--- What you will do ---
From the line containing "Set of two yellow" through the last line below, copy every line exactly, leaving out the pictures.

--- Data extract ---
· · ·

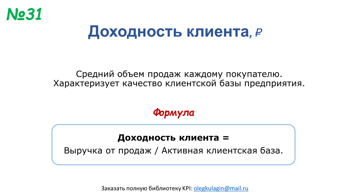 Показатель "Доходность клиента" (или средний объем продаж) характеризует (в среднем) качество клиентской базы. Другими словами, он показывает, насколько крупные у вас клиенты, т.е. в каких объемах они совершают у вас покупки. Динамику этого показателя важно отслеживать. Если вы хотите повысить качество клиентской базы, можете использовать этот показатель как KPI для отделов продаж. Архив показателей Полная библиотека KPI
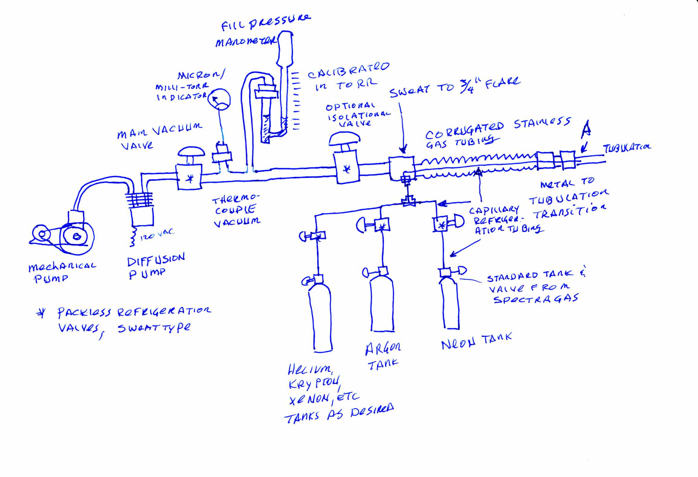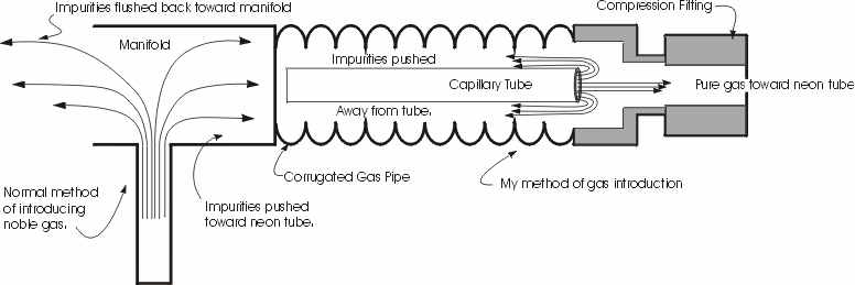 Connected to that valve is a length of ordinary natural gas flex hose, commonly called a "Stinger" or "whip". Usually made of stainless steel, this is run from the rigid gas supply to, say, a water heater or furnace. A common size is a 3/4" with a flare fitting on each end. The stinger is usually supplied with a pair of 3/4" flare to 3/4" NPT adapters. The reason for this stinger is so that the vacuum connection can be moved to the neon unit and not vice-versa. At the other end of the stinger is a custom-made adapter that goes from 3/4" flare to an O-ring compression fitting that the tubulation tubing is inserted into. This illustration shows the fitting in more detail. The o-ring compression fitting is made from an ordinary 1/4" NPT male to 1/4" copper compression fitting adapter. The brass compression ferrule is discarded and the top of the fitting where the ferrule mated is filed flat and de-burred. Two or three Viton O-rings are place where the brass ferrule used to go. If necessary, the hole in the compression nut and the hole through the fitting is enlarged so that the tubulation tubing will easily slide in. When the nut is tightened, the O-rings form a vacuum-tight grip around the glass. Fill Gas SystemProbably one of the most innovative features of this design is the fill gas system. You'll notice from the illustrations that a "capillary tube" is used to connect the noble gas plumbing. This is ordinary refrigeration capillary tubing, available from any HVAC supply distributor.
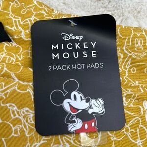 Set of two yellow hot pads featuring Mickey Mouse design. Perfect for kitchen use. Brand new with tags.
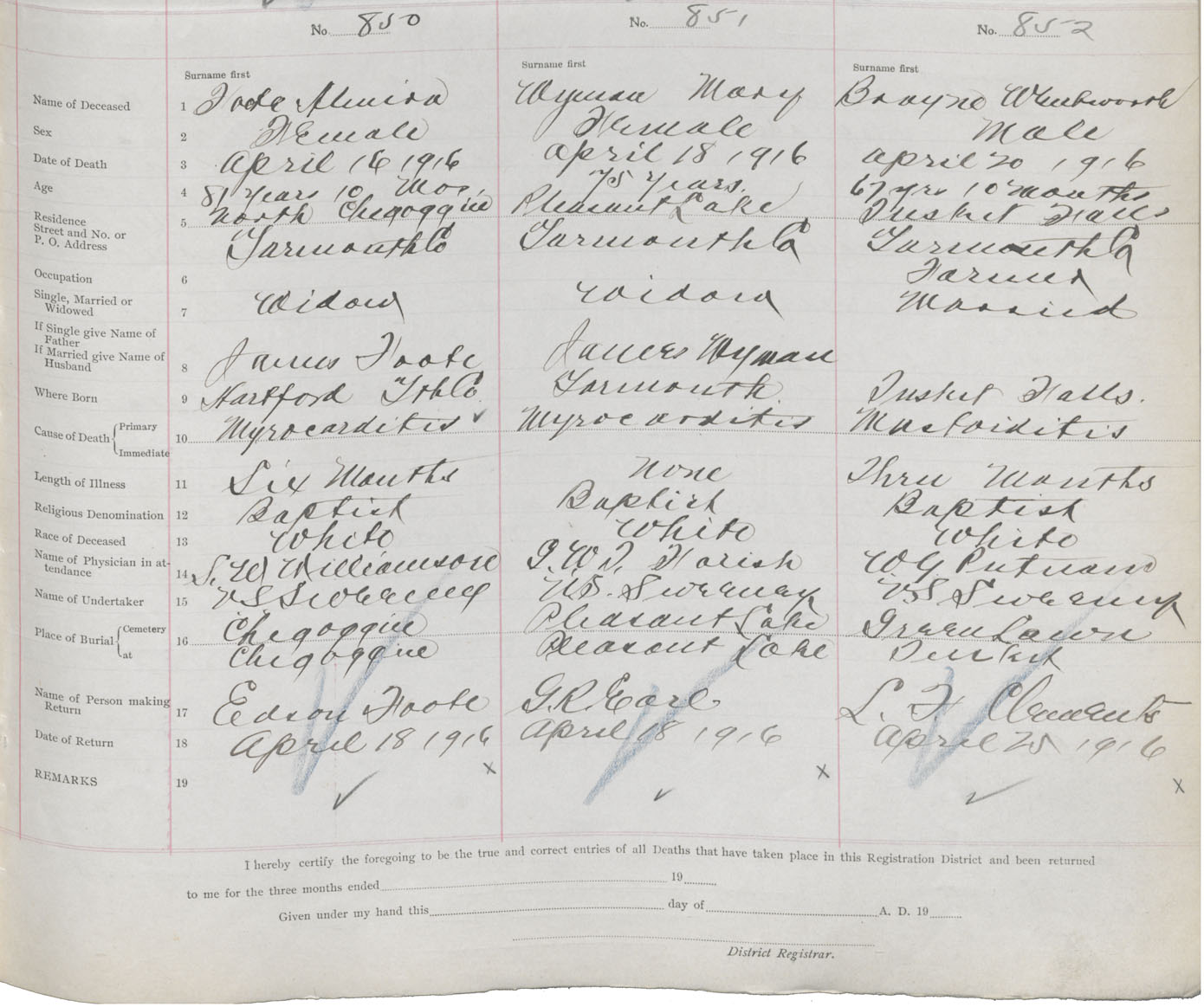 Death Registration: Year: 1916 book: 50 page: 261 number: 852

· · ·

--- Solution to this exercise ---
 Set of two yellow hot pads featuring Mickey Mouse design. Perfect for kitchen use. Brand new with tags.
 Death Registration: Year: 1916 book: 50 page: 261 number: 852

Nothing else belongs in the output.